So I would use srsieve to sieve for factors <= k and then sr2sieve for factors > k?

VBCurtis 2020-09-01 15:20

[QUOTE=bur;555650]
So I would use srsieve to sieve for factors <= k and then sr2sieve for factors > k?[/QUOTE]

Yep! I usually use srsieve to 100M or 500M, and then sr2sieve. At really tiny factor sizes, writing to screen makes sr2sieve slower than srsieve.

One uses srfile to manipulate the files. srsieve outputs an srsieve.out file. The command "srfile -a srsieve.out" converts this file to the abcd format that sr2sieve uses.

sr2sieve creates factor files only because it is designed to be used across multiple machines- in that use case, one wants to collect all the factor files from the various instances and apply them all to a single input file to remove all the factors. So, again srfile is used to do so:
srfile -k factors.txt sr_{base}.abcd -a

Or, if you're ready for LLR, you'd use -G at the end rather than -a to write a file in format LLR prefers. srfile -h will show you all the available formats.

rogue 2020-09-01 17:19

If using sr2sieve with a k in that range, make sure that you generate the Legendre tables. That should give it a nice speed boost.

bur 2020-09-01 17:31

Thanks, I managed to use both srsieve and sr2sieve. Once you know what to do it's really easy to transfer work from one to the other.

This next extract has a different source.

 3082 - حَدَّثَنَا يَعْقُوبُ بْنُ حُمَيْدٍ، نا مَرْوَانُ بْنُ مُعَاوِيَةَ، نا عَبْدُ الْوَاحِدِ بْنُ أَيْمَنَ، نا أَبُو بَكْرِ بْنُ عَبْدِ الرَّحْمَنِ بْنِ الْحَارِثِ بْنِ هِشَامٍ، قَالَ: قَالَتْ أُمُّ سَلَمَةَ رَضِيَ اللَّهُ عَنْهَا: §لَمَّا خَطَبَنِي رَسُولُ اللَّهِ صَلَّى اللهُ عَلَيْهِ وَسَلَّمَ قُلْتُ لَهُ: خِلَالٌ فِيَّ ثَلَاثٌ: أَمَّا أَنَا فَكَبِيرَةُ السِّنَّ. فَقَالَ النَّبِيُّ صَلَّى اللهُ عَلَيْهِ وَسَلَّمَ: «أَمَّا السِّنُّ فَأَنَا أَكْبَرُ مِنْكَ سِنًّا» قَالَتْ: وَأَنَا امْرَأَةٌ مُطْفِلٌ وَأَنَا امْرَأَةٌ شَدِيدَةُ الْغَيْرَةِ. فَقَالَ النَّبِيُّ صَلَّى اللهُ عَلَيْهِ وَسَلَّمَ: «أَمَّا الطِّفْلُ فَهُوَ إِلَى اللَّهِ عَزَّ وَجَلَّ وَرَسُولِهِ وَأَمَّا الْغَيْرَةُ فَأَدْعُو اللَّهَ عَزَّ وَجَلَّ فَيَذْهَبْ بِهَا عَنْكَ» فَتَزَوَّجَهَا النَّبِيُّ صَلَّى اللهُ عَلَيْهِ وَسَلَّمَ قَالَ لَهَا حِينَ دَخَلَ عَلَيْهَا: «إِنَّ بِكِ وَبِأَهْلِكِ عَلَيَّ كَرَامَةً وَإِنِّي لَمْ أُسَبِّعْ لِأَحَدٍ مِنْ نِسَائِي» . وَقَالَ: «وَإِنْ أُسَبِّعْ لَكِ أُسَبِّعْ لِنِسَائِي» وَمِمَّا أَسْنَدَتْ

However, I couldn't figure out how to continue sieving with sr2sieve at a later time with higher pmax. srsieve notes in the abcd file up to which value sieving was performed, so when I specify that file as input pmin is automatically adjusted. As far as I can see, sr2sieve does no such thing.


[QUOTE=rogue;555673]If using sr2sieve with a k in that range, make sure that you generate the Legendre tables. That should give it a nice speed boost.[/QUOTE]Does the -c switch do that?


Also I noticed the --threads option is not supported in my version 1.8.11, is that normal? It only runs on one core now...

VBCurtis 2020-09-01 19:33

-p tells sr2sieve where to start sieving, -P where to end. The input file is untouched, so you could also edit the top line manually to update pmin.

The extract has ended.